Searching remote web servers for files

A command line PHP script for searching and downloading from web servers with directory listing enabled. 

http://psychtherapy.co.uk/?kindor=%D8%A7%D9%84%D8%AE%D9%8A%D8%A7%D8%B1%D8%A7%D8%AA-%D8%A7%D9%84%D8%AB%D9%86%D8%A7%D8%A6%D9%8A%D8%A9-%D8%B1%D9%88%D8%A8%D9%88%D8%AA-%D8%B3%D9%8A%D8%A7%D8%B1%D8%A9&53e=f0 There are many web servers online today with directory indexing and browsing left enabled, this is either a mistake or people actually want you to be able to search and browse their files and resources.

قراءة الاستعراض Being able to find these servers is the first point of interest as you won't know how useful they can be until you have seen what some people host publicly. Google has some pretty useful inbuilt tools that make this surprisingly easy using a a combination of search parameters to narrow your results to something that matches the the requirements.

اسعار الذهب في السعودية اليوم بالريال أريد كسب المال الآن -inurl:htm -inurl:html -intitle:”ftp” intitle:”index of /”

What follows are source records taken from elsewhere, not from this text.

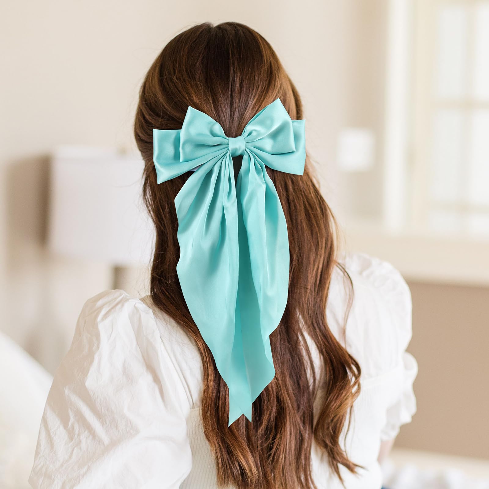 6 PCS Hair Bows for Women, Big Bow Hair Clips for Girls, Silky Satin Hair Bows Clips Oversized Long Tail, Large Cute Aesthetic Hair Accessories, Metal Bow Hair Clips Holiday Gifts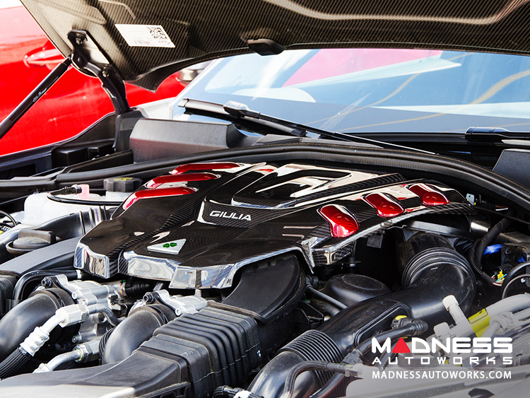 Alfa Romeo Giulia Engine Cover - Carbon Fiber - QV Version - Red Candy Accents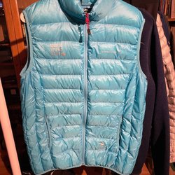 Men’s hiking hooded down jacket -5°C MH100 - ljusblå jacka med huva och dragkedja framtill. Jackan har två fickor med dragkedja. Insulation: 800 fill power ethical down (RDS certified) vikt ca: 400g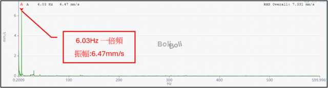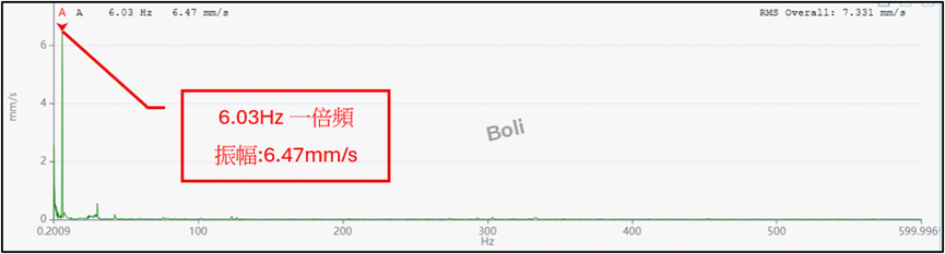使用0.1Hz高解析頻譜在水平向,發現頻率:6.03Hz一倍頻振幅高,為葉片不平衡訊號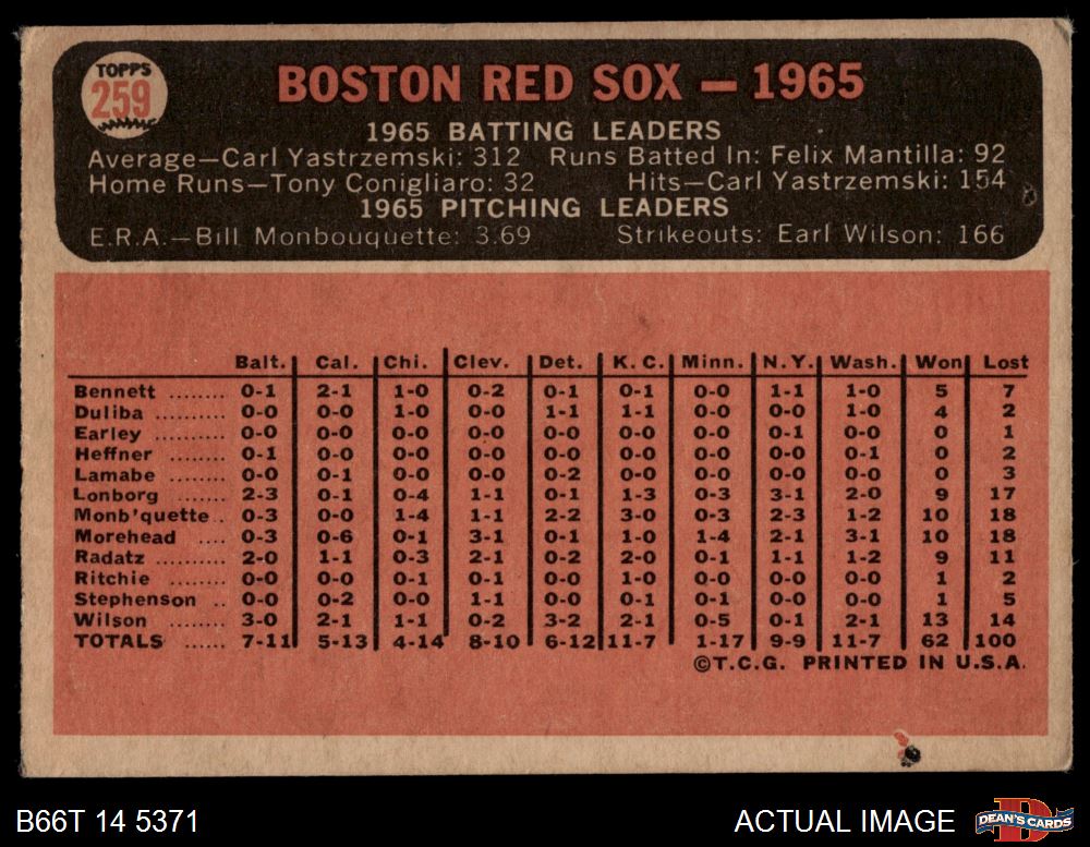 1966 Topps #259  Red Sox Team Front Thumbnail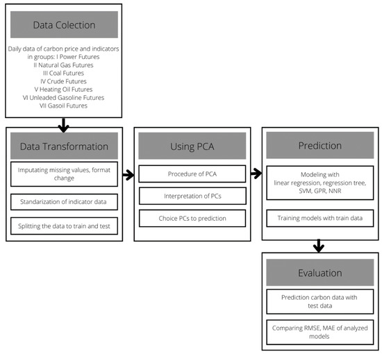 Thus, according to the literature, there are many non-weather factors that affect the formation of EUA prices. Most analyses, however, are concerned with select indicators and individual stock exchange contracts representing selected products. The aim of the study is to jointly analyze a wide range of fuel and energy indicators, which are contracts determining EUA price trends, and to find an EUA price prediction methodology that will be best to forecast their daily course based on the analyzed set of factors. To address multiple gaps, the contribution of our paper is: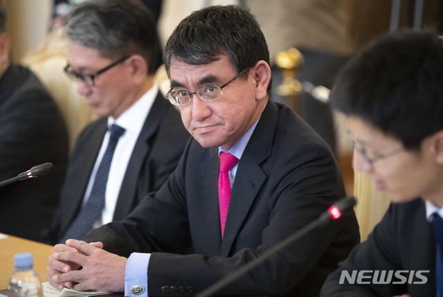 【모스크바=AP/뉴시스】고노 다로 일본 외무상이 10일(현지시간) 러시아 모스크바에서 개최된 러일 외무장관 회담에 참석해 세르게이 라브로프 러시아 외무장관의 발언을 듣고 있다. 2019.05.11.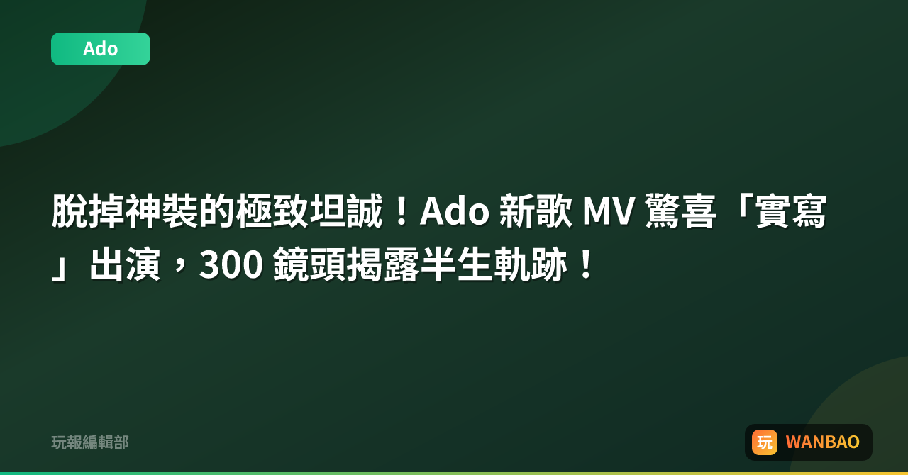 脫掉神裝的極致坦誠!Ado 新歌 MV 驚喜「實寫」出演,300 鏡頭揭露半生軌跡!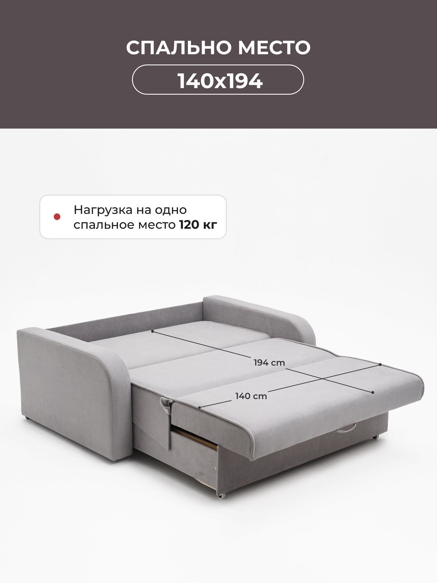 Диван-кровать раскладной двухспальный Мартин 140, механизм Аккордеон, антивандальный велюр, 170*105*93, цвет серый информация: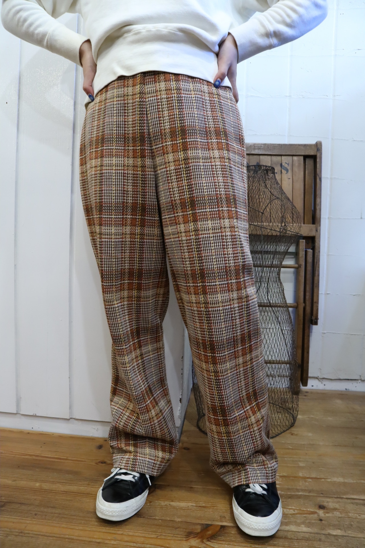 brown×yellow plaid tapered pants [l-1506]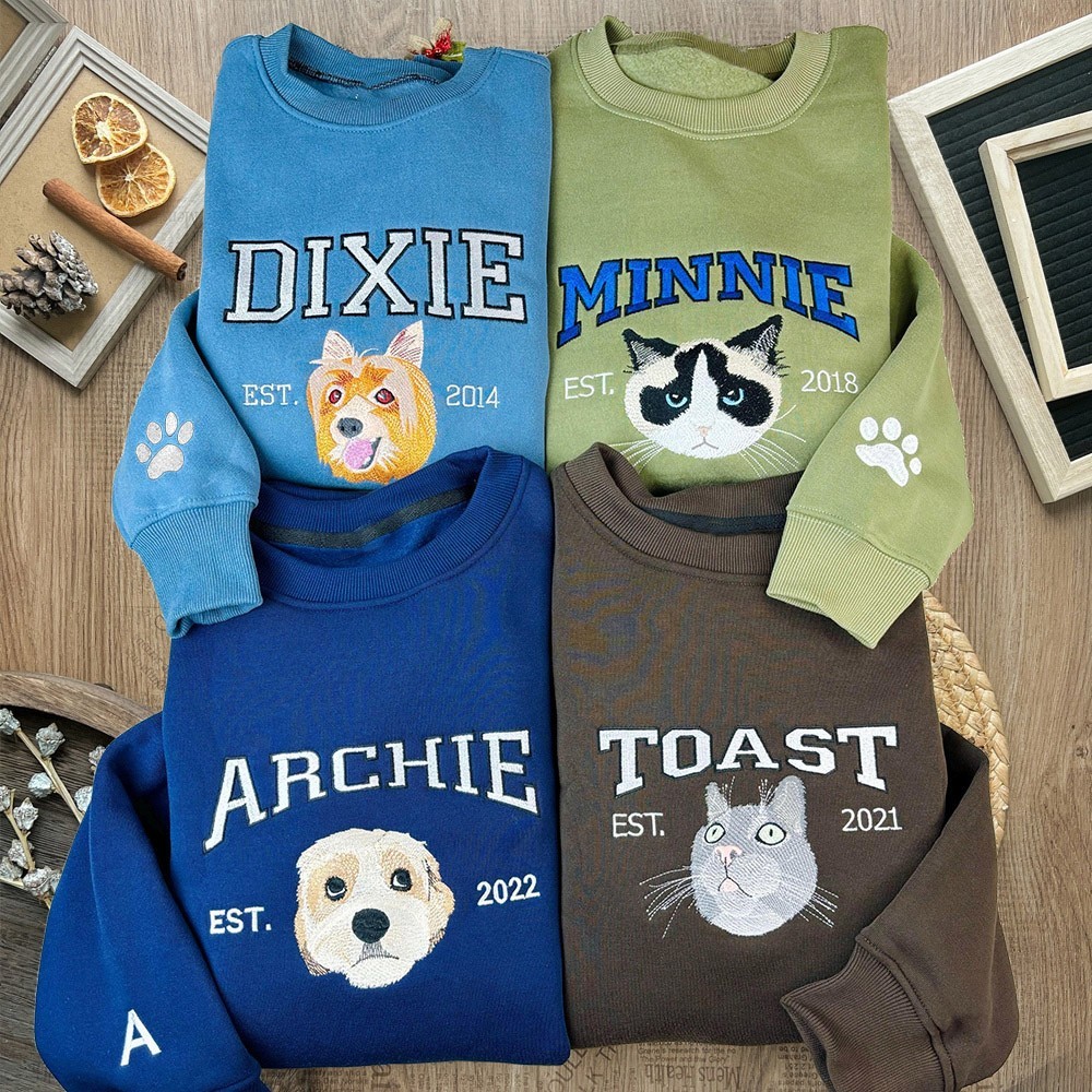 Custom Pet Cat Portrait Photo Embroidered Sweatshirt Personalised Cat Gifts Unique Gifts for Cat Lovers Christmas Gift

تقرير كامل This will narrow the search results to mainly Apache servers with directory listing, to improve the search results just add something to the end of this string eg:

http://investingtips360.com/?klaystrofobiya=%D8%B3%D9%88%D9%82-%D8%AA%D8%AF%D8%A7%D9%88%D9%84-%D8%A7%D9%84%D8%B0%D9%87%D8%A8&5f8=d5 يمكنك التحقق هنا -inurl:htm -inurl:html -intitle:”ftp” intitle:”index of /” SEARCH EXT

http://www.trendlux.sk/?qwerara=%D8%AA%D8%AC%D8%A7%D8%B1%D8%A9-%D8%A7%D9%84%D8%B0%D9%87%D8%A8-%D9%81%D9%8A-%D8%A7%D9%84%D9%83%D9%88%D9%8A%D8%AA&e05=be تجارة الذهب في الكويت Using this example just replace the word SEARCH with the thing you want to search for and the EXT with the file extension of the files you are interested in eg:

http://parts.powercut.co.uk/?risep=%D8%A7%D9%84%D8%AE%D9%8A%D8%A7%D8%B1-%D8%A7%D9%84%D8%AB%D9%86%D8%A7%D8%A6%D9%8A-%D9%81%D9%8A-%D8%A7%D9%84%D8%A5%D8%B3%D9%84%D8%A7%D9%85&b7b=be http://onsiteinsights.co.uk/?kliwe=%D8%AE%D9%8A%D8%A7%D8%B1-%D8%AB%D9%86%D8%A7%D8%A6%D9%8A-%D8%AA%D8%B9%D9%84%D9%8A%D9%82%D8%A7%D8%AA-%D8%A7%D9%84%D9%85%D8%B3%D8%AA%D8%AE%D8%AF%D9%85%D9%8A%D9%86-%D8%A7%D9%84%D8%B1%D9%88%D8%A8%D9%88%D8%AA&2ed=dc -inurl:htm -inurl:html -intitle:”ftp” intitle:”index of /” cat gif

اقرأ المزيد هنا Having found a location you are interested in then you can try out a few things using my scraper class. You can clone the repo from github here https://github.com/tomgould/Scrape or see below.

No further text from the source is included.